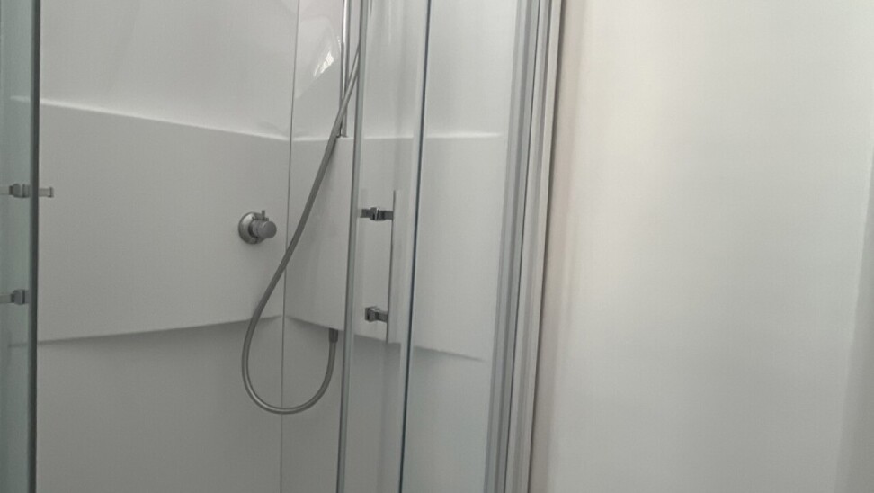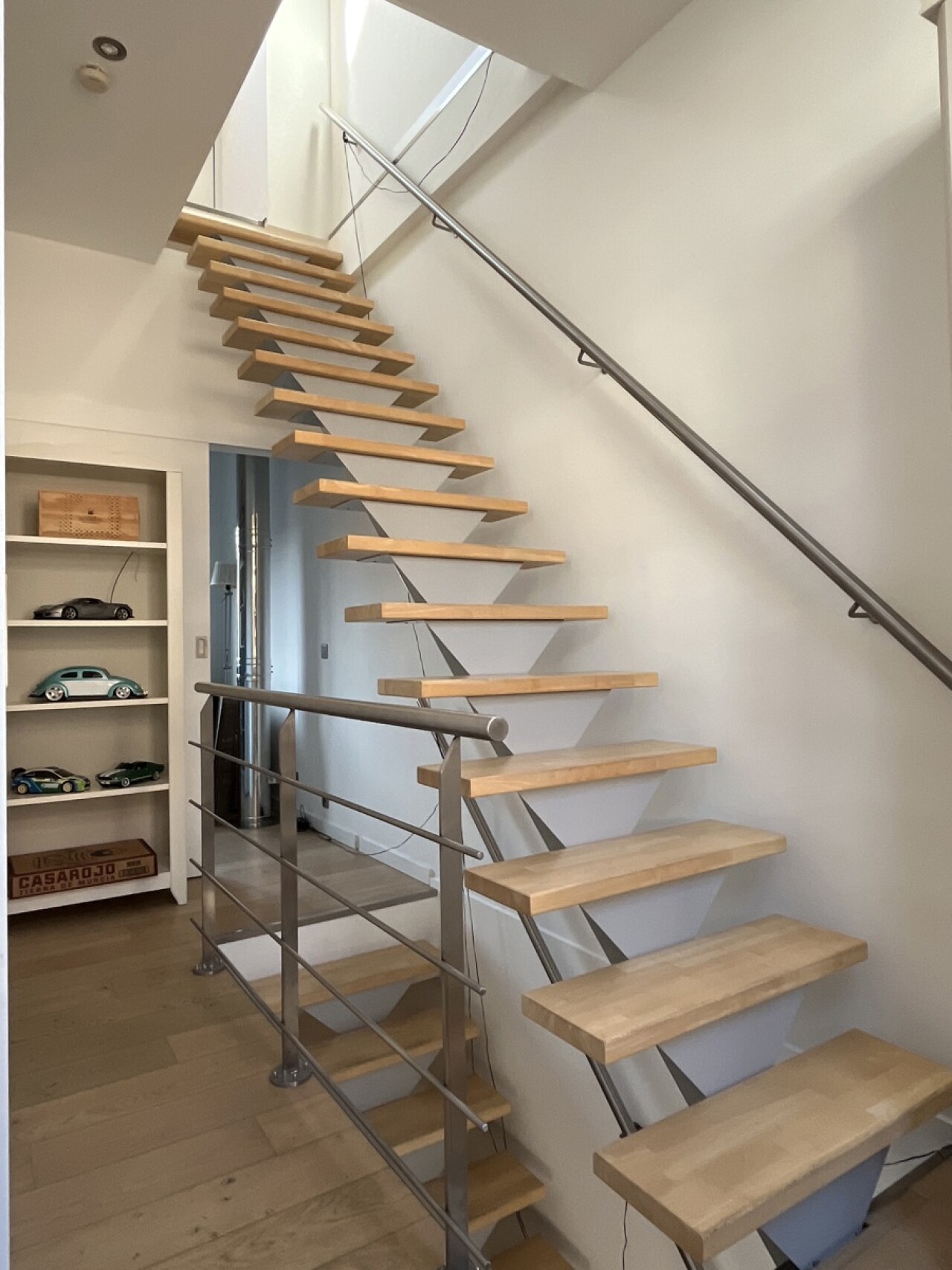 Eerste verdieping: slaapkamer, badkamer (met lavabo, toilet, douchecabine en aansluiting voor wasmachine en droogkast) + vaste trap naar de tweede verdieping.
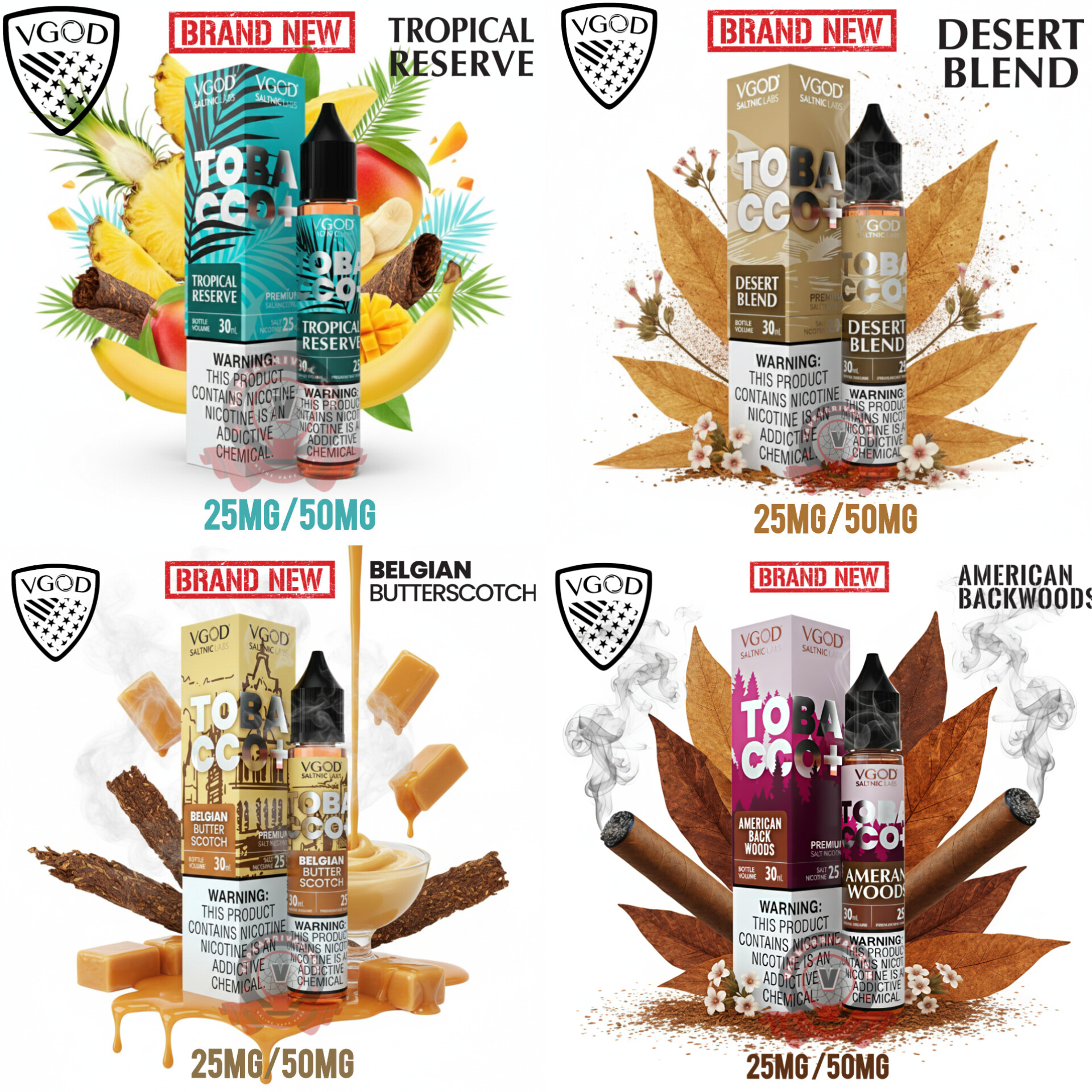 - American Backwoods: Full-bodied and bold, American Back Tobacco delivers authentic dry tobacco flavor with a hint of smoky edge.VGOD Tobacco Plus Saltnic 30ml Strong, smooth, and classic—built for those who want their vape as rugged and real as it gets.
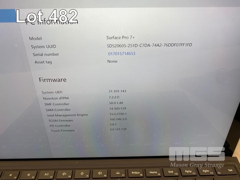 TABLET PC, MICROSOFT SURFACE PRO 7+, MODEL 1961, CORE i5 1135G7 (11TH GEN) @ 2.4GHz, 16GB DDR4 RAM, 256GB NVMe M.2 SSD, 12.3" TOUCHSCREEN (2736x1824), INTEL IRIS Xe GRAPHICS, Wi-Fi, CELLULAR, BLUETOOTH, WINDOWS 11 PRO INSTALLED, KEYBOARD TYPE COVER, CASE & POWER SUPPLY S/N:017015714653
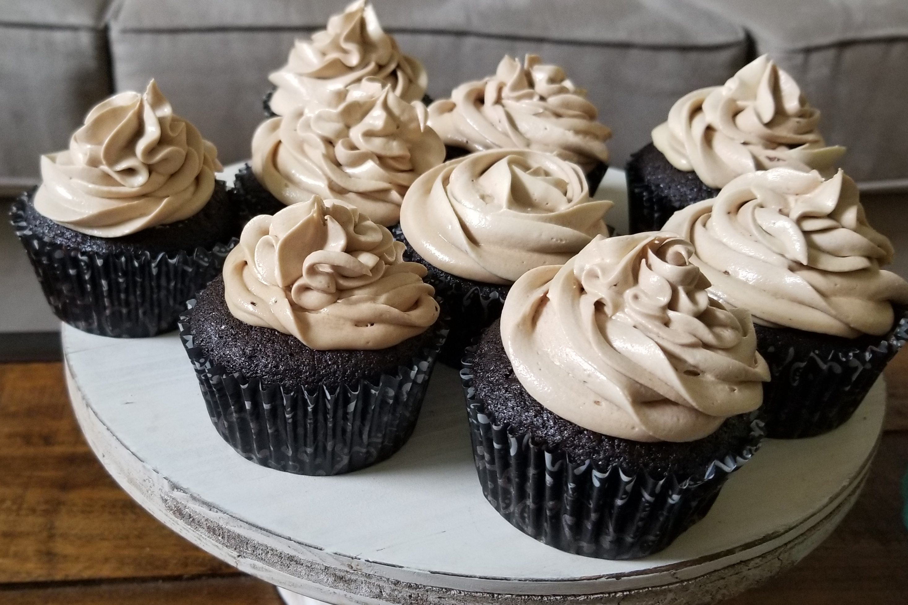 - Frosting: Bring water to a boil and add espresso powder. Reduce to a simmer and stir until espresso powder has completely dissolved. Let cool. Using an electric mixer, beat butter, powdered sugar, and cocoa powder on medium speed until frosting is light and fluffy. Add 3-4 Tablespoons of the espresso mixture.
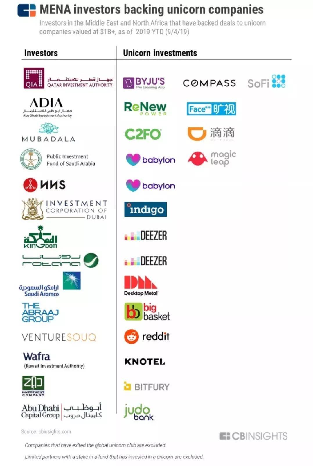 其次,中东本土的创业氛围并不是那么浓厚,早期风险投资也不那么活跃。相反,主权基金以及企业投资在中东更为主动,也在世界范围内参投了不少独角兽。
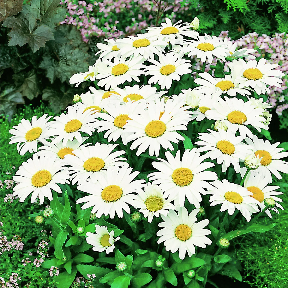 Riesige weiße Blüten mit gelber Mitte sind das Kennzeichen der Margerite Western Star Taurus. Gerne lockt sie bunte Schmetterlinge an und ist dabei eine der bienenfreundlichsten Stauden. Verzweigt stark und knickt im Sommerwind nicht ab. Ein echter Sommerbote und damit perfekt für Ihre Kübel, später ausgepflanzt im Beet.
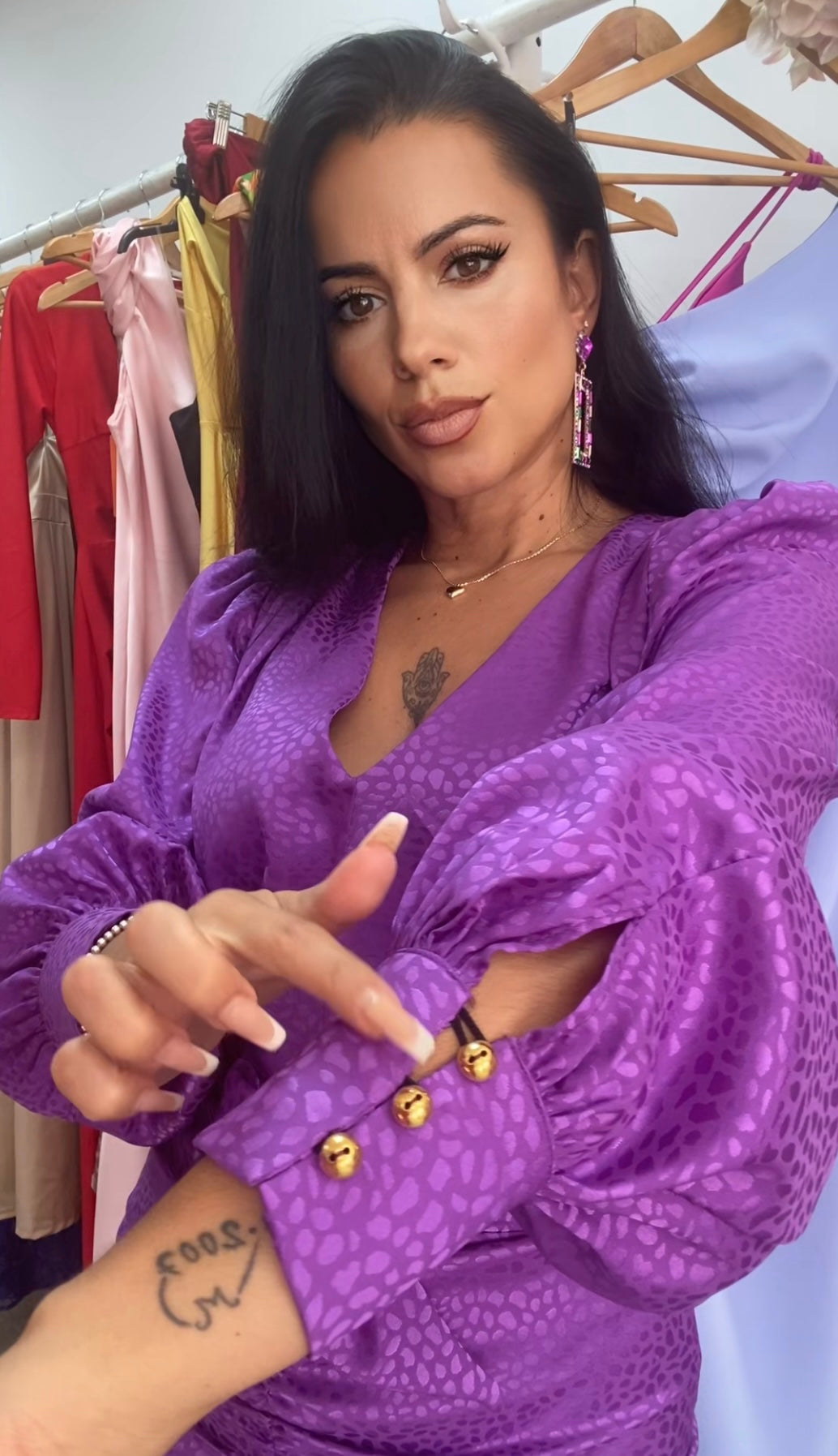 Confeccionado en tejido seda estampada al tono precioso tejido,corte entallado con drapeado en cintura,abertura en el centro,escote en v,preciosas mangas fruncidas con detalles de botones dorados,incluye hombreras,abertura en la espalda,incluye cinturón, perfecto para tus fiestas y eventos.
---
WHAT IS BEING ASKED:
All lines above are to be restated word for word, with pictures excluded.

YOUR RESPONSE:
 Eerste verdieping: slaapkamer, badkamer (met lavabo, toilet, douchecabine en aansluiting voor wasmachine en droogkast) + vaste trap naar de tweede verdieping.
 - American Backwoods: Full-bodied and bold, American Back Tobacco delivers authentic dry tobacco flavor with a hint of smoky edge.VGOD Tobacco Plus Saltnic 30ml Strong, smooth, and classic—built for those who want their vape as rugged and real as it gets.
 TABLET PC, MICROSOFT SURFACE PRO 7+, MODEL 1961, CORE i5 1135G7 (11TH GEN) @ 2.4GHz, 16GB DDR4 RAM, 256GB NVMe M.2 SSD, 12.3" TOUCHSCREEN (2736x1824), INTEL IRIS Xe GRAPHICS, Wi-Fi, CELLULAR, BLUETOOTH, WINDOWS 11 PRO INSTALLED, KEYBOARD TYPE COVER, CASE & POWER SUPPLY S/N:017015714653
 - Frosting: Bring water to a boil and add espresso powder. Reduce to a simmer and stir until espresso powder has completely dissolved. Let cool. Using an electric mixer, beat butter, powdered sugar, and cocoa powder on medium speed until frosting is light and fluffy. Add 3-4 Tablespoons of the espresso mixture.
 其次,中东本土的创业氛围并不是那么浓厚,早期风险投资也不那么活跃。相反,主权基金以及企业投资在中东更为主动,也在世界范围内参投了不少独角兽。
 Riesige weiße Blüten mit gelber Mitte sind das Kennzeichen der Margerite Western Star Taurus. Gerne lockt sie bunte Schmetterlinge an und ist dabei eine der bienenfreundlichsten Stauden. Verzweigt stark und knickt im Sommerwind nicht ab. Ein echter Sommerbote und damit perfekt für Ihre Kübel, später ausgepflanzt im Beet.
 Confeccionado en tejido seda estampada al tono precioso tejido,corte entallado con drapeado en cintura,abertura en el centro,escote en v,preciosas mangas fruncidas con detalles de botones dorados,incluye hombreras,abertura en la espalda,incluye cinturón, perfecto para tus fiestas y eventos.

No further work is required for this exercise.